The Memorandum of Understanding set a number of goals for 2008, either as short-term convergence or joint improvement projects. These are major challenges but one should not underestimate progress already made. Significant milestones include the publication in November 2006 of IFRS 8 Segment Reporting, with the objective of reducing the differences between IFRS and FASB Statement No.131 Disclosures about Segments of an Enterprise and Related Information. The Standard proved controversial within Europe but was finally endorsed by the European Parliament in November 2007.
The start of the year saw the completion of the second phase of the Business Combinations project with the publication of the revised IFRS 3 Business Combinations and IAS 27 Consolidated and Separate Financial Statements. This was a joint project undertaken with the FASB.
There are some significant changes to IFRS in this area, including:
-a greater emphasis on the use of fair value;
-a focus on changes in control as a significant economic event; and
-a focus on what is given to the vendor as consideration, rather than what is spent to achieve the acquisition, leading to greater volatility in profit or loss.
However, it is the US Standard, FASB Statement No. 141 Business Combinations, which has undergone a considerably more extensive revision.
The two Boards are currently assessing their progress to date and developing a work plan for completion of a number of projects that are part of the convergence agenda. Their key objective is to ‘outline the improvements to existing IFRS that are needed to facilitate mandatory adoption of IFRS in all major capital markets’.
For those capital markets that have not yet adopted IFRS, the target date for mandatory adoption is no later than 2013 with the assumption that a ‘quiet period’ of at least a year before that date will be provided. That leaves a period of three years to tackle a number of projects ranging from:
-those which address ‘fundamental deficiencies’ in IFRS (revenue recognition, fair value measurement, consolidation and derecognition); to
-areas in need of ‘significant improvement’ (financial statement presentation, post-employment benefits, leasing and financial instruments); to
-short-term convergence projects on earnings per share, joint ventures and taxes.

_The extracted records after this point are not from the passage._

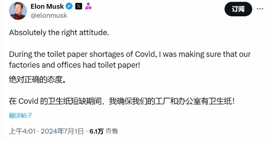马斯克在X上写道:“绝对正确的态度。在疫情时期的厕纸短缺期间,我确保我们的工厂和办公室有足够的厕纸。”
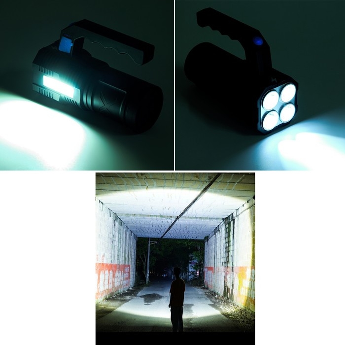 Фонарь светодиодный аккумуляторный ручной, 10 Вт, 3500 мАч, XPE + COB, 350 лм, USB, 15х6 см
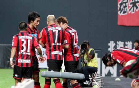 上写真/後半22分、札幌はオウンゴールで先制、最初DF福森(24番)のゴールとアナウンスがあり、MF堀米(31番)、FW都倉、MFジュリーニョ(7番)らが祝福。後になってオウンゴールと訂正された
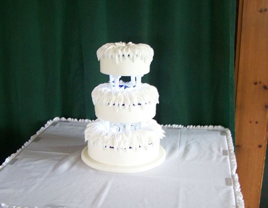 This was a long process cake. It is dairy free, 3 different flavors,vanilla w/amaretto bc, lt. choc.w/pb bc, dk choc.w/rasp.fruit. the bc's were soy replacement. I used an Italian Meringue BC (I won't use it again I didn't like it), to make the spikey petals around the top. We got the idea from Martha Stewart Chrysanthemum cake. I also used a blue ribbon around the top of each tier to match her colors, and some tiny LED lights between tiers also. Looked pretty cool in person. Thanks for looking.
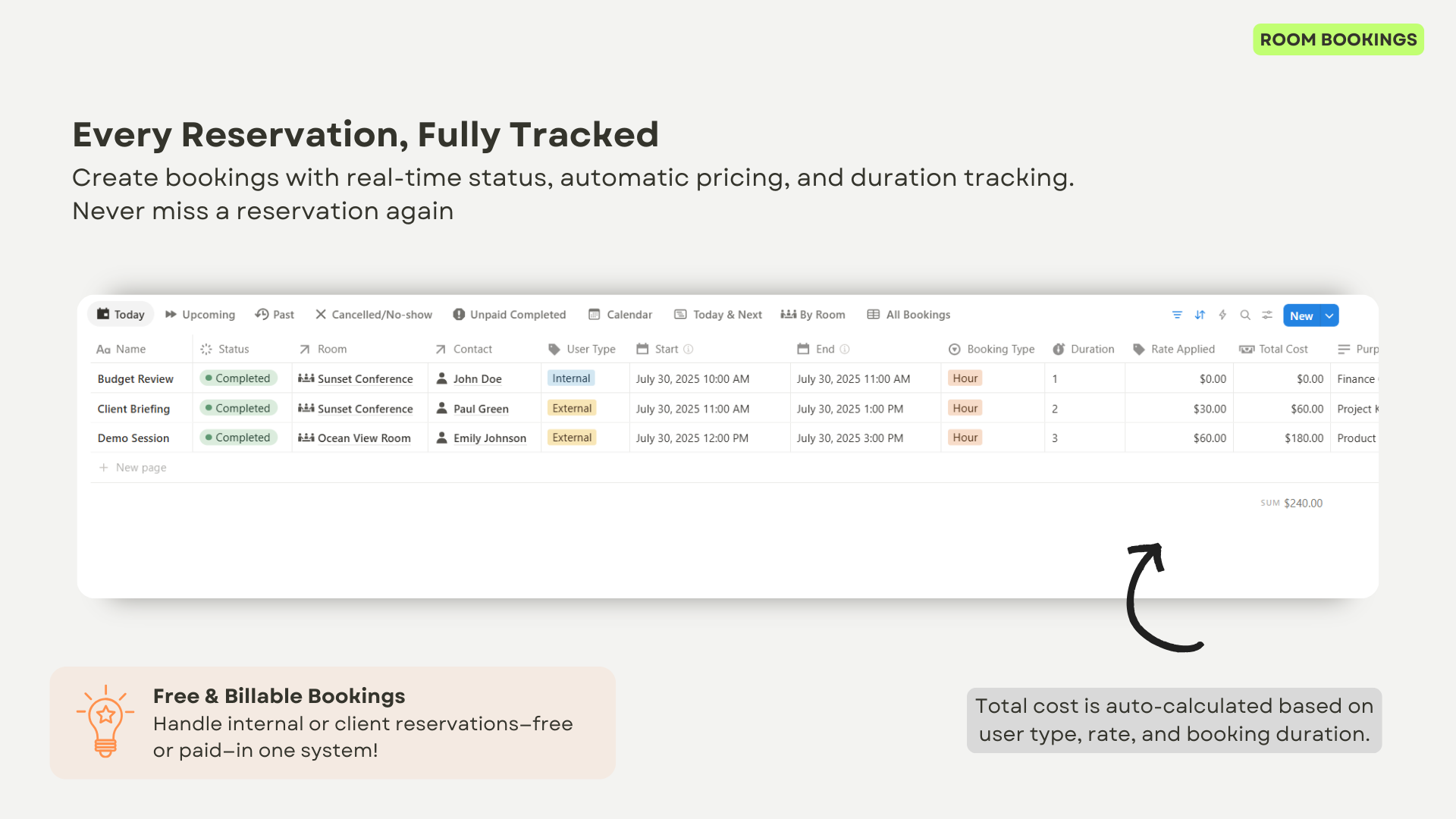 Perfect for internal or client bookings — track reservations, availability, and payments in one simple system.
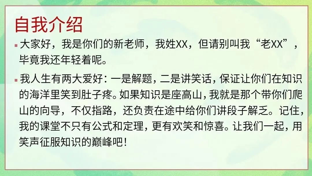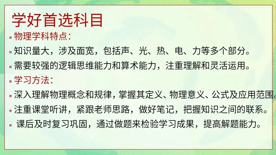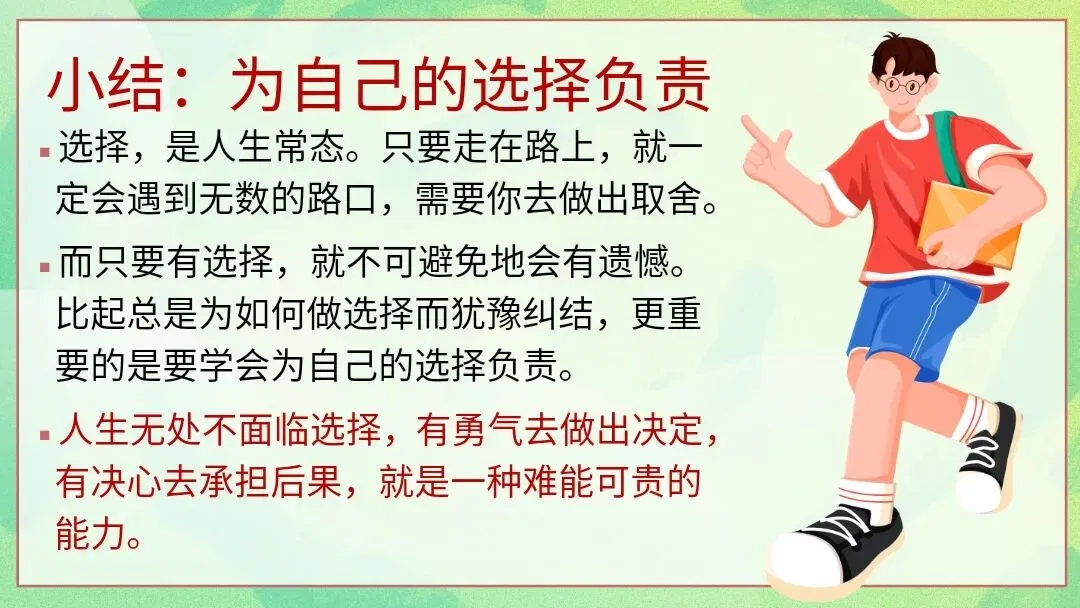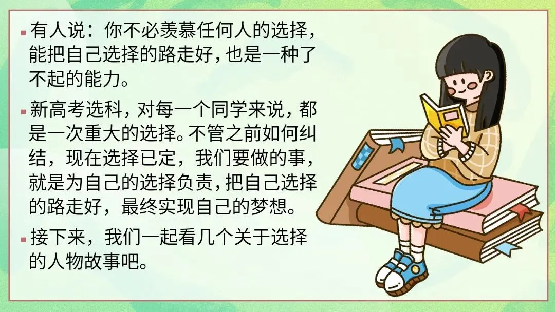 该PPT是选科分班后第一次班会课课件,围绕“选你所爱,爱你所选”展开。先通过破冰游戏帮助师生、同学相识;再以钱学森等人物事例强调为选择负责;接着解读新高考“3+1+2”模式,给出各科学习指导;然后分享让生活向上的5个建议与坚持做的5件事,引导学生自信、自律、专注;最后寄语学生珍惜缘分、共同努力,以歌曲《去远航》收尾,助力开启新学习旅程。
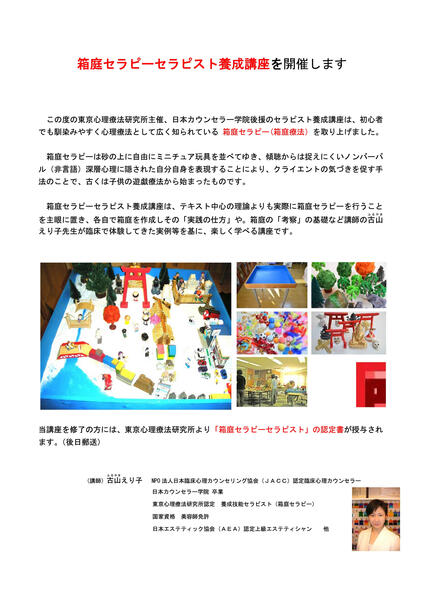 箱庭セラピーセラピスト養成講座は、テキスト中心の理論よりも実際に箱庭セラピーを行うことを主眼に置き、各自で箱庭を作成しその「実践の仕方」や。箱庭の「考察」の基礎など講師の古山(ふるやま)えり子先生が臨床で体験してきた実例等を基に、楽しく学べる講座です。

Bearing in mind that it took 18 months to take the Business Combinations project from Exposure Drafts to final Standard, the IASB certainly has its work cut out. In Europe the process of endorsement of IFRS presents a further challenge, although the recently amended IAS regulation calls on the Commission, the Council, and the European Parliament to act speedily to ensure that IFRS and interpretations are adopted in a timely manner.
Conclusion
The movement towards IFRS as a single set of globally accepted accounting and financial reporting standards will entail challenges. The convergence of accounting standards may be relatively easy compared to coordinating the variety of cultural differences and perspectives involved in interpreting and applying IFRS. For multinational companies ensuring that IFRS is applied in a globally consistent manner instead of as an amalgam of local versions may involve significant efforts around the creation of policies, the modifications of systems, and the training of personnel. Only if a common financial reporting language is achieved in practice will investors and other interested parties be able to examine and compare companies in a transparent and equal way.
Ken Wild is Global Leader for International Accounting Standards with Deloitte in the UK. Veronica Poole is Centre of Excellence Leader, Deloitte UK.